We built our new streaming TTS API for developers who need consistent, humanlike speech at low latency.
High latency kills conversation
Every 100ms matters in live conversation. Traditional TTS systems often introduce a 1 to 3 second delay, which is fine for static content but terrible for voice agents.
In demos, or batch, you might hear ultra-realistic voices, but in low-latency environments for the same voices, where responses need to be sub-300ms, vendors often switch to smaller or faster models and quality drops.
We have seen this first-hand with several partners building voice agents: the voice that initially wowed stakeholders can disappoint when integrated into the agent.
Our approach to text-to-speech
We built our TTS from day one with real-time streaming in mind.
The preview delivers speech with latency under 150 milliseconds without sacrificing naturalness, so you get fluid, human-like voices and the snappy response time needed for interactive applications.
Beyond English: Tackling robotic voices in other languages
Another big reason we built our own TTS is the language gap in voice synthesis.
We kept hearing this across languages like Dutch, French, and Thai from our clients with existing vendors.
One-size-fits-all systems, older techniques, or limited data for smaller languages lead to flat intonation and choppy cadence.
Making multilingual TTS more human
Speechmatics has a strong legacy in multilingual speech (our speech-to-text supports 55+ languages with high accuracy), and we’re bringing that expertise to TTS.
Our preview delivers a highly natural English voice now, and we’re actively working on more languages.
Our goal is to provide authentic voices in each language, capturing the nuances of local accents and speech patterns.
Building truly natural voices beyond English is a challenge, but we have a decade of experience building speech tech from the ground up.
More languages are coming, and we will not be satisfied until “robotic” is a thing of the past for all of them.
The hidden cost of talking at scale
TTS APIs charge per character or per minute of audio, and those costs add up quickly.
We’ve seen organizations hesitate to add voice everywhere or limit spoken content due to cost.
At millions of sentences or hours of speech, bills get hefty, which is not great for scaling or experimentation.

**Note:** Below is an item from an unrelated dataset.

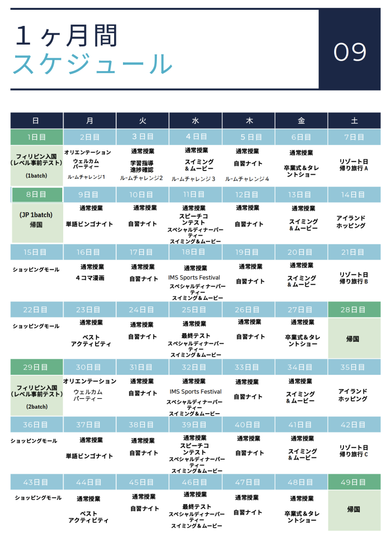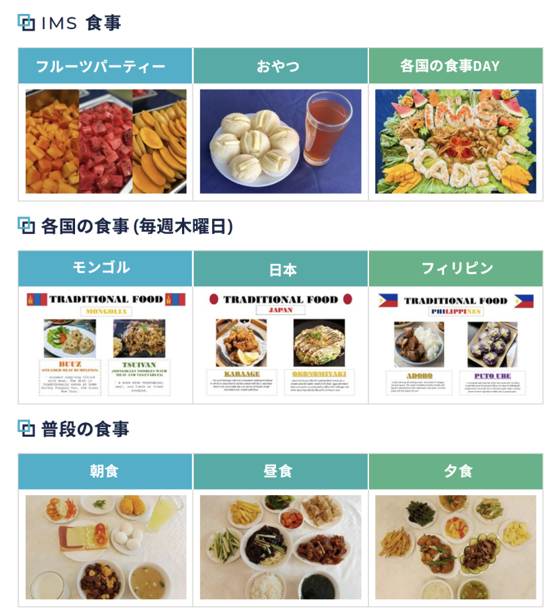 - 食事:1日3食+おやつ付き。週ごとに日本・フィリピン・

Keeping TTS costs grounded
We want TTS to be cost-effective, so you do not have to think twice about volume. By leveraging our own models and infrastructure, and being thoughtful about model size and optimization, we aim to keep costs reasonable and predictable.
We also simplify pricing and packaging alongside our speech-to-text: one contract, one platform. This simplifies integration, budgeting, and support.
Many customers need on-prem or edge TTS for sensitive use cases (think healthcare, finance) or connectivity reasons.
Our TTS engine can be used in our cloud, your cloud, or on your own servers next to our STT engine, so you can keep voice data in-house and meet latency requirements without sacrificing quality.
It slots into existing workflows, from cloud API prototypes to containerized models on thousands of devices worldwide.
Built on a decade of speech experience (and why that matters)
We are not starting from scratch. Speechmatics has spent over 10 years at the bleeding edge of speech technology, primarily in speech-to-text. TTS and STT are two sides of the same coin.
Our expertise in acoustic modelling, pronunciation, prosody, and handling different accents and noise conditions feeds directly into generating realistic speech. We are pouring that knowledge into our TTS models.
As one of the leading speech recognition companies, we have solved hard problems in multilingual audio and will now leverage that foundation to make synthesized speech inclusive and accurate.
Our mission has always been to understand every voice. Adding TTS was a natural step toward that mission. We built this preview to address real-world problems we saw again and again, expanding on our past R&D in speech. Imagine voice agents that truly sound human and respond in real time, in any language.
For developers, our API documentation shows how to integrate streaming TTS with just a few lines of code.
Spin up a voice agent demo, plug it into your call center software, or build that talking IoT device you have been imagining.
Where to use it today:
Real-time support agents that offer natural, clear speech
Healthcare whereprivate, offline speech is important
Live translation of events, media or conversations where speed is essential
These are just a few ideas.
We would love to see what you build.
Because this is a preview, we are actively seeking your feedback.
Does the voice quality meet your expectations?
How is the latency in your setup?
Are there languages or voice styles you want?
Let me know.
This is our chance to iterate with you and ensure the full product checks the right boxes. Voice interfaces are entering a new era of natural, real-time interaction and we want to be the foundation you build on.